D'après cette analyse de 68 études, oui : les effets biologiques étaient systématiquement similaires, et les six comparaisons directes n'ont révélé aucune différence significative entre eux.
Mais au fond, pourquoi les gens pensaient-ils que les lasers étaient meilleurs ?
Principalement pour des raisons de cohérence — cette théorie selon laquelle la phase uniforme de la lumière laser lui confère un avantage thérapeutique.
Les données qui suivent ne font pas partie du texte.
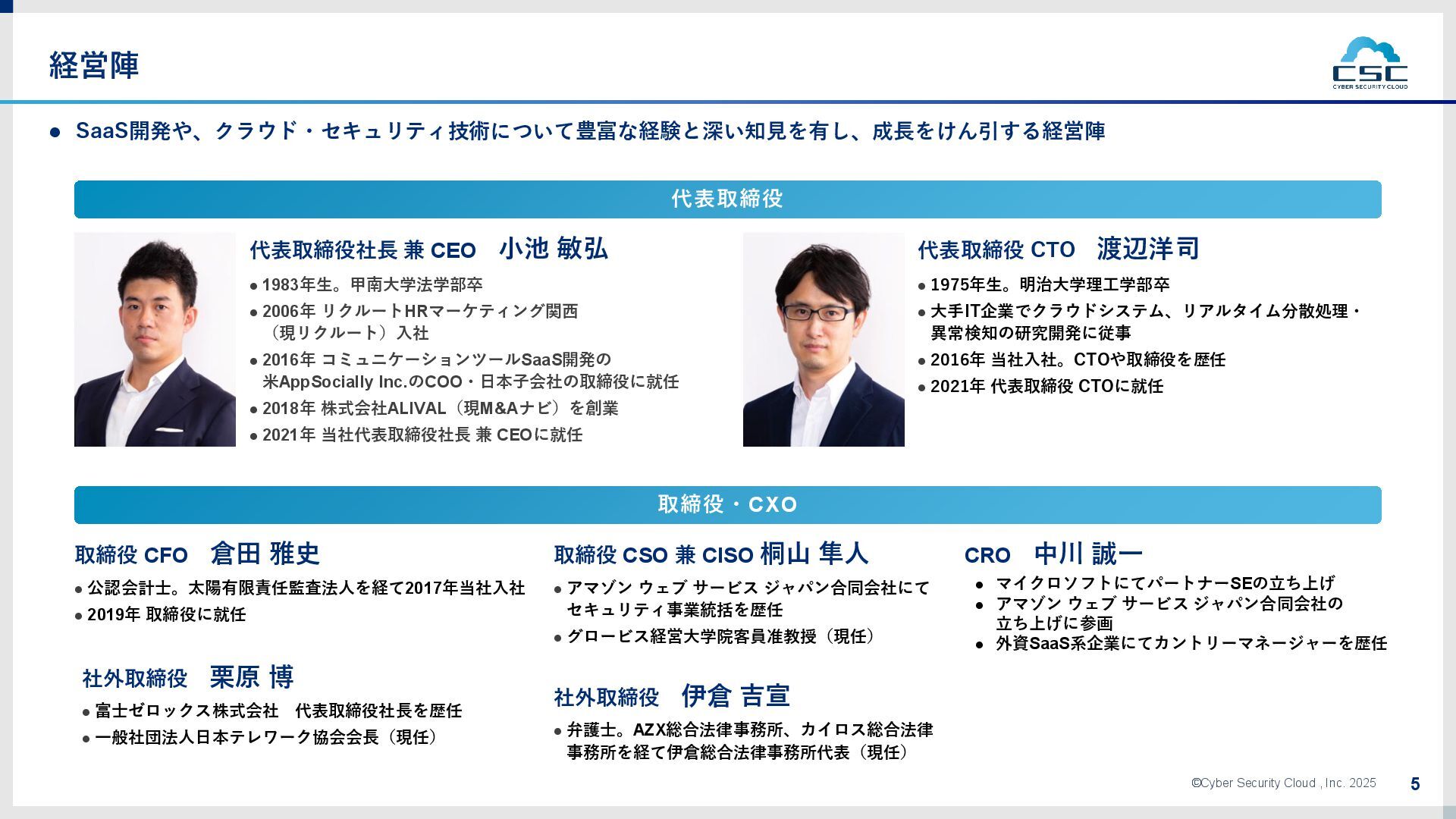 3. 5 ©Cyber Security Cloud , Inc. 2025 経営陣 ⚫ SaaS開発や、クラウド・セキュリティ技術について豊富な経験と深い知見を有し、成長をけん引する経営陣

Cette étude a montré que cette hypothèse ne tient pas la route dès lors que la lumière interagit réellement avec les tissus.
Qu'est-ce qui importe davantage que la source lumineuse ?
La longueur d'onde (les résultats les meilleurs ont été obtenus dans le spectre allant du rouge à l'infrarouge proche) et la dose (les effets atteignant leur maximum entre environ 1 et 5 J/cm², les doses supérieures s'avérant contre-productives).
Cela signifie-t-il que n'importe quelle longueur d'onde ou dose est tout aussi efficace ?
Non — l'étude précise clairement que les résultats dépendent fortement du réglage correct de ces deux paramètres, ce qui explique pourquoi les auteurs préconisent des protocoles cliniques plus standardisés.
Source : Chaves, M.E.A., Araújo, A.R., Piancastelli, A.C.C. & Pinotti, M. « Effets de la photothérapie à faible puissance sur la cicatrisation des plaies : LASER x LED. » Anais Brasileiros de Dermatologia, 89(4), 616–623 (2014). DOI : 10.1590/abd1806-4841.20142519.
Avertissement : cet article résume des travaux de recherche publiés à titre d'information générale. Il ne constitue pas un avis médical et ne décrit pas l'usage prévu d'un quelconque produit Dermfix.